Melbourne Herald Sun writer Alan Howe just doesn’t like Arabs too much. All those free trips to Israel thanks to the Zionist lobby have worked a treat. The Jewish community must be so proud that one of the strongest advocates for Israel in the Australian media also really hates Palestinians. Well done!

His latest piece, in today’s paper, attacks Federal Greens Senator Lee Rhiannon for, well, being alive but especially her backing of BDS, that evil plan to ethically cleanse all Jews from Palestine. Oh wait.

Here’s Howe:

Rhiannon also supports the Boycott, Divestment and Sanctions (BDS) group that targets Jewish companies doing business with Israel.
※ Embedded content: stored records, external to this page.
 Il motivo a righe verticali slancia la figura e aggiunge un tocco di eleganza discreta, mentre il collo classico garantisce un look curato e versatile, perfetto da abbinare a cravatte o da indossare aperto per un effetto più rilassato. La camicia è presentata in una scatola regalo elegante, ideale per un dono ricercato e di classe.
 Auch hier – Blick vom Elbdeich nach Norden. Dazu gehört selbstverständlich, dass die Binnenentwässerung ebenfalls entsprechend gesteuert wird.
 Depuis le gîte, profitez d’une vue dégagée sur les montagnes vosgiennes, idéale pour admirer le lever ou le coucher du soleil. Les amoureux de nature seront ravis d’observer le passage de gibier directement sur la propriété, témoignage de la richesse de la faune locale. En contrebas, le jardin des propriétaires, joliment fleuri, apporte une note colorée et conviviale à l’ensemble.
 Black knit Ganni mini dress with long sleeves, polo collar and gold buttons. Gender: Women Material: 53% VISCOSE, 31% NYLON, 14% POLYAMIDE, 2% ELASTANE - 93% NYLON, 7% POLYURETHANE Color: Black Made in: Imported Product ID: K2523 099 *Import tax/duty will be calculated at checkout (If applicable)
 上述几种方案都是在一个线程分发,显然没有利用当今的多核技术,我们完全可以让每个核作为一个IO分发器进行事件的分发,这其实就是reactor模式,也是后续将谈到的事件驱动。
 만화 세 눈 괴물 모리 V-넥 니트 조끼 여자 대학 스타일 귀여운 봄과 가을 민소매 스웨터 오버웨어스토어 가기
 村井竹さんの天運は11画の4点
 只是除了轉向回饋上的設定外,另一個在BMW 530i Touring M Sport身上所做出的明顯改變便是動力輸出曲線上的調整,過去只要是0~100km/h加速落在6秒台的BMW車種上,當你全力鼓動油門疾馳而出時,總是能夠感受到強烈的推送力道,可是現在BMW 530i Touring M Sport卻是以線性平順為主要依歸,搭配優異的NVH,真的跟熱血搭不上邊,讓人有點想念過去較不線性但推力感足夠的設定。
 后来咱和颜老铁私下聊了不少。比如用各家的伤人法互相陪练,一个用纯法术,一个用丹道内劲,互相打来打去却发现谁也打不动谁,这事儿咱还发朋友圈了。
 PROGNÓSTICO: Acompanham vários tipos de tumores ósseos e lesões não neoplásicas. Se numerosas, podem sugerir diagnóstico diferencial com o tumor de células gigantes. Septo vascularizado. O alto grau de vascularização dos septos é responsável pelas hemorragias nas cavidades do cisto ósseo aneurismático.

The idea is to economically cripple the only democracy in the Middle East and the one country in which the region’s Arabs are guaranteed safety.

Rhiannon has boasted that South African cleric Desmond Tutu had written to support the boycotts.

Crikey, Tutu must have some time on his hands. You’d reckon the famed campaigner for freedom and democracy, and opponent of homophobia, would have been busy sorting out Zimbabwe, right next door.

Robert Mugabe has destroyed that country, kills his opponents and persecutes gays, who are described by their president as repugnant and repulsive – “I don’t believe they have any rights at all”. They are “lower than pigs and dogs”, he adds, fearful deputies nodding in agreement.

Tutu has criticised Mugabe in the past, but it’s more bark than bite.

Those Jewish dogs are different, though. Tutu and Rhiannon will sort them out.

Last month, as part of the campaign against Israel in those violent protests outside the Max Brenner chocolate shop in Melbourne, 19 demonstrators and three police were injured.

Some prominent Australians met to drink hot chocolate outside the Brenner shop some days later in a counter protest against the violence.

Smarter than Rhiannon, they know about the 1930s and where violent protests against Jewish traders may end. It was a colourful time of brownshirts, blackshirts, and yellow Stars of David. The streets ran red. The Green Senator should read up on it.